La première fois que j'ai véritablement écouté Gang Starr c'est à la mort de Guru. Je participais alors à une émission hebdomadaire sur Radio Campus et on m'avait chargé de faire la nécro alors que je n'avais quasiment aucune idée de qui était le type. Je me suis donc dirigé vers les autorités compétentes qui m'ont bien évidemment conseillé Moment of Truth. Devant l'ampleur de la tâche, j'ai bien évidemment rouspété et exigé une sélection. J'ai fini par faire trois minutes, une blague sur le fait qu'il ne soit pas mort par fusillade et j'ai passé You Know My Steez parce que quand même ça tabasse grave.
Guru et Premier ce serait un peu Lennon et McCartney dans un hip hop sympa et gentil où les artistes les plus respectés seraient aussi ceux qui mangent des légumes et font traverser les vieilles dames. Je ne dis pas qu'il n'y a pas deux-trois « bitch », « motherfucker » et une cargaison de « nigger » sur le disque mais comparé aux caïds de la profession, tous à la tête d'un commerce parallèle de drogue, d'un empire du porno ou d'une multinationale florissante, les deux de Gang Starr font vraiment très boy-scouts. Ça se ressent pas mal sur le disque avec des thèmes aussi provocateurs que le temps qui passe, la lutte des classes ou l'acceptation. Un « album de la maturité » comme il faut avec des samples jazzy, des invités prestigieux qui servent à rien et la production de circonstance.
J'ai toujours préféré Premier à Guru (comme je préfère Paul à John). C'est un de mes producteurs de hip hop préférés. Pour avoir vu quelques vidéos où il se lâche sur les effets, je trouve son travail au sein de Gang Starr encore plus soignée qu'à la première écoute. Premier habille chaque morceau avec la délicatesse d'un thanatopracteur de talent, lui faisant la plus belle gueule possible avant son grand voyage vers l'inconnu. Cela ne veut pas dire que je n'aime pas Guru mais je n'ai jamais été envouté par sa voix. Ceci il dit, il garde quand même un putain de flow.

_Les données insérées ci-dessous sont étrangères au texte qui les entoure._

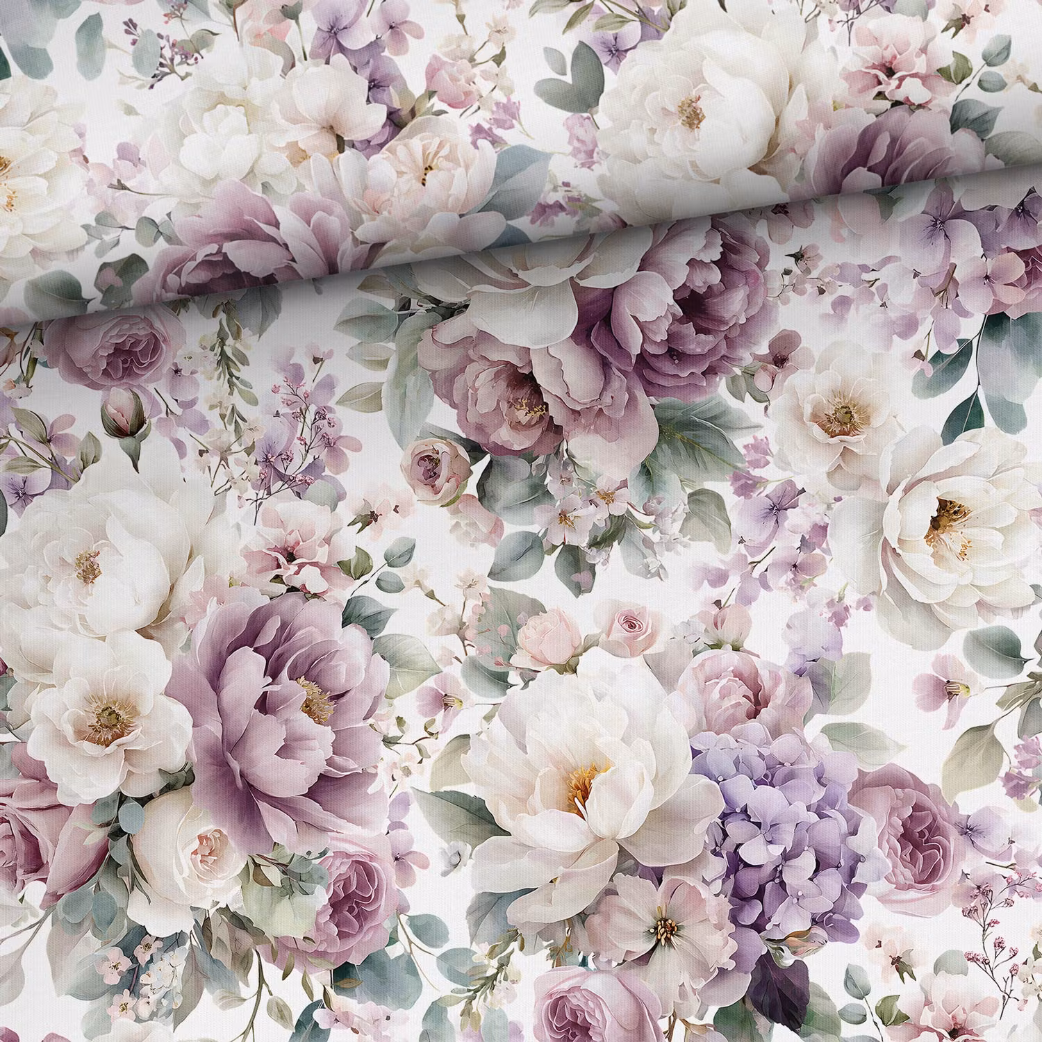 Mjukt, stretchigt joggingtyg med tryck av vackra blommor. Perfekt för tröjor, tunikor, joggingbyxor, leggings och mössor. Säljs per decimeter.

Pour parler précisément de l'album, sorti l'année où le hip hop est mort une première fois, j'ai pas grand chose à dire de plus que mes estimés collègues. Qu'est-ce qui a pris à Virgin et Emi de sortir un disque aussi dense ? Personne ne leur avait jamais parlé de B-Sides ou d'édition Deluxe avec des bonus de qualité ? Personne ne leur a dit que 36 chambers n'avait que 13 pistes ? Le quart de l'album aurait très bien pu partir à Vera Cruz avec les interludes téléphoniques lourdingues pour revenir tout frais pour une édition anniversaire que ça m'aurait pas vraiment dérangé. Un terrible manque de projection dans l'avenir malheureusement partagé par de nombreux grands disques de hip hop.
Après tout ça, je me demande si je suis pas un peu trop difficile avec ce disque. Il est mieux produit, mieux écrit, mieux rappé et mieux scratché que de nombreux enregistrements du genre et je ne peux pas vraiment en vouloir à deux braves gars d'étaler leur générosité sur toute la durée du compact disc. Il possède quelques tubes immédiats (You Know My Steez et Above The Clouds en tête), une atmosphère mélancolique indéniable et un parfum east-coast pas factice pour un sou (il y a même un hommage à Notorious). Un brave disque fait par des braves gars qui n'ont finalement de gangstas que le nom.